• EXERCISE AIM: Please give back each line of the listing, unchanged in every word.
....................
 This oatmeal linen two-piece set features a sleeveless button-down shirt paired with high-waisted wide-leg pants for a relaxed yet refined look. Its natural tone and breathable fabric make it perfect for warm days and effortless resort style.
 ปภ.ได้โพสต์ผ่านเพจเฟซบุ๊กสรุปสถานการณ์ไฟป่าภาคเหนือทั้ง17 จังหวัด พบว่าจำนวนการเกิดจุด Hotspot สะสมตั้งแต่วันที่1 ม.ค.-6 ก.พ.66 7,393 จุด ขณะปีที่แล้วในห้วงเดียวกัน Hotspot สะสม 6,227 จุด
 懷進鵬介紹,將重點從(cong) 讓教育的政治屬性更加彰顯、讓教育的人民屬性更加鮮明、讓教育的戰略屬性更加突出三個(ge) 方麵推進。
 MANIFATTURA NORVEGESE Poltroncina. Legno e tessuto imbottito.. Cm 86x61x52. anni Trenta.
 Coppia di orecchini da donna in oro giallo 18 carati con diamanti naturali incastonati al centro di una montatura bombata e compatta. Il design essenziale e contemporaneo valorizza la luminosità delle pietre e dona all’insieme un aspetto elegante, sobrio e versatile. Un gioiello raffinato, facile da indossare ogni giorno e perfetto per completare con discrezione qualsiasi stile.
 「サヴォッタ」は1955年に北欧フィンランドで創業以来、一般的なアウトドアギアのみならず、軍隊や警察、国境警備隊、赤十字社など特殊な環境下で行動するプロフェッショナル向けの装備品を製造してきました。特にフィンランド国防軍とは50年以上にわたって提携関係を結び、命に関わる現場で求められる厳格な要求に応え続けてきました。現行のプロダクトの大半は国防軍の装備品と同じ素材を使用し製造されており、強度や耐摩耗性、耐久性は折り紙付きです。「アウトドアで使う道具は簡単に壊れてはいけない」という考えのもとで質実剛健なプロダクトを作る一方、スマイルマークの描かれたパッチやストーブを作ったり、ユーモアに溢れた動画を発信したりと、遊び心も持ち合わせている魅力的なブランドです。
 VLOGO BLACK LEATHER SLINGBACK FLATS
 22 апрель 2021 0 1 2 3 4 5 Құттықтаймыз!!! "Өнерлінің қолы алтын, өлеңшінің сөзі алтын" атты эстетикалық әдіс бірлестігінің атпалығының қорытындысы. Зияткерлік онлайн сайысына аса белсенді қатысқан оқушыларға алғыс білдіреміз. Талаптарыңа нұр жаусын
....................
• EXERCISE SOLUTION:
 This oatmeal linen two-piece set features a sleeveless button-down shirt paired with high-waisted wide-leg pants for a relaxed yet refined look. Its natural tone and breathable fabric make it perfect for warm days and effortless resort style.
 ปภ.ได้โพสต์ผ่านเพจเฟซบุ๊กสรุปสถานการณ์ไฟป่าภาคเหนือทั้ง17 จังหวัด พบว่าจำนวนการเกิดจุด Hotspot สะสมตั้งแต่วันที่1 ม.ค.-6 ก.พ.66 7,393 จุด ขณะปีที่แล้วในห้วงเดียวกัน Hotspot สะสม 6,227 จุด
 懷進鵬介紹,將重點從(cong) 讓教育的政治屬性更加彰顯、讓教育的人民屬性更加鮮明、讓教育的戰略屬性更加突出三個(ge) 方麵推進。
 MANIFATTURA NORVEGESE Poltroncina. Legno e tessuto imbottito.. Cm 86x61x52. anni Trenta.
 Coppia di orecchini da donna in oro giallo 18 carati con diamanti naturali incastonati al centro di una montatura bombata e compatta. Il design essenziale e contemporaneo valorizza la luminosità delle pietre e dona all’insieme un aspetto elegante, sobrio e versatile. Un gioiello raffinato, facile da indossare ogni giorno e perfetto per completare con discrezione qualsiasi stile.
 「サヴォッタ」は1955年に北欧フィンランドで創業以来、一般的なアウトドアギアのみならず、軍隊や警察、国境警備隊、赤十字社など特殊な環境下で行動するプロフェッショナル向けの装備品を製造してきました。特にフィンランド国防軍とは50年以上にわたって提携関係を結び、命に関わる現場で求められる厳格な要求に応え続けてきました。現行のプロダクトの大半は国防軍の装備品と同じ素材を使用し製造されており、強度や耐摩耗性、耐久性は折り紙付きです。「アウトドアで使う道具は簡単に壊れてはいけない」という考えのもとで質実剛健なプロダクトを作る一方、スマイルマークの描かれたパッチやストーブを作ったり、ユーモアに溢れた動画を発信したりと、遊び心も持ち合わせている魅力的なブランドです。
 VLOGO BLACK LEATHER SLINGBACK FLATS
 22 апрель 2021 0 1 2 3 4 5 Құттықтаймыз!!! "Өнерлінің қолы алтын, өлеңшінің сөзі алтын" атты эстетикалық әдіс бірлестігінің атпалығының қорытындысы. Зияткерлік онлайн сайысына аса белсенді қатысқан оқушыларға алғыс білдіреміз. Талаптарыңа нұр жаусын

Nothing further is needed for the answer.